To explain the ramifications of this racially stratified labour force, Coleman interviews Michigan State University history professor and author Glenn Chambers, who notes that the West Indian workers “served as a buffer between management and labour…West Indians were of African descent, but saw themselves as British, Christian, and “civilized” and “viewed non-West Indians as outsiders and their culture inferior,” which “made organizing around Blackness difficult.” 

We also learn how the United Fruit Company exerted its influence on governments in the region to suppress the rights of workers. A key example was the Oct. 6, 1928 strike by Colombia’s banana labourers over long hours and low pay. Records show how the company was complicit in the military’s violent quashing of the strike, which resulted in the death of more than 1,000 workers. The Visualizing the Americas website features an archive of nearly 2,000 pages of letters, photos and other documents generated by the company from 1912-1982 that in part show its deeply unjust employment practices. 

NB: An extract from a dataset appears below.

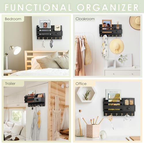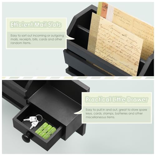- 💌 Small but Functional: Key mail organizer contains 6 key hooks, sturdy and well spaced, enough to hold a lot of keys and other necessities, 2 mail slots are perfect for sorting mails, envelopes, letters, papers, receipts, bills, little drawer with handy handle is easy to pull in and out, great to store random things, the shelf on top can put on calendars, knickknacks, small potted plants, nice addition and gives a safe place to keep essentials clutter-free.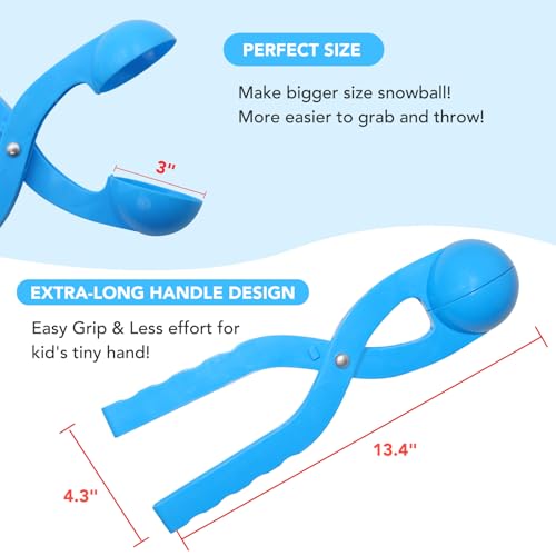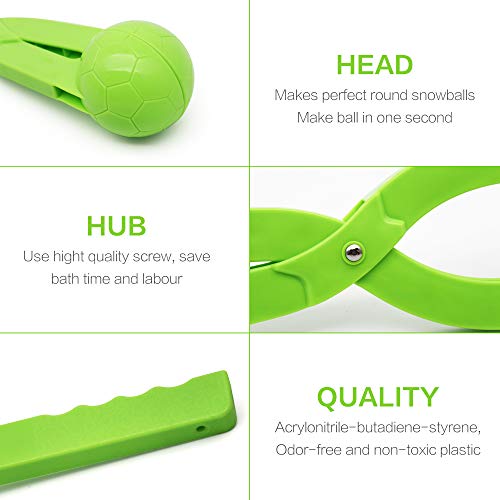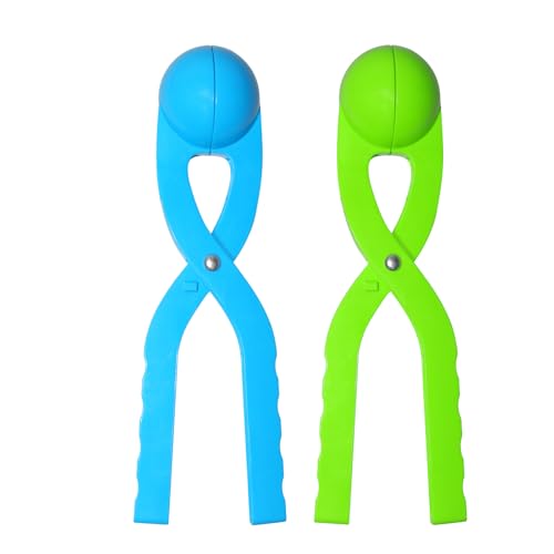 Snow Toys, Snowball Maker Snow Ball Shaper Molds with Handle for Kids Outdoor Indoor Winter Snowball Fight Maker Tool Clip Snow Games for Toddlers Boys Girls Ages 4 5 6 7 (Set of 2,Green,&Ocean Blue)

Rafael Platero Pas in a 1954 self-portrait
Photographer Rafael Platero Paz in a 1954 self-portrait

Visualizing the Americas also explores how exploitative labour practices make bananas so cheap, the environmental impacts of monoculture cultivation practices, and the gains made by worker unions to create better working conditions in banana-growing regions. 

There is a rich visual history of the life, culture and struggles of members of a banana company town in Honduras as captured by photographer Rafael Platero Paz, who sought to document the community’s social transformations over 57 years. 

“I think it’s easy for many of us to forget that history is made by people,” Coleman says. “Many may not realize what an important role ordinary banana plantation workers played in the history of their countries.”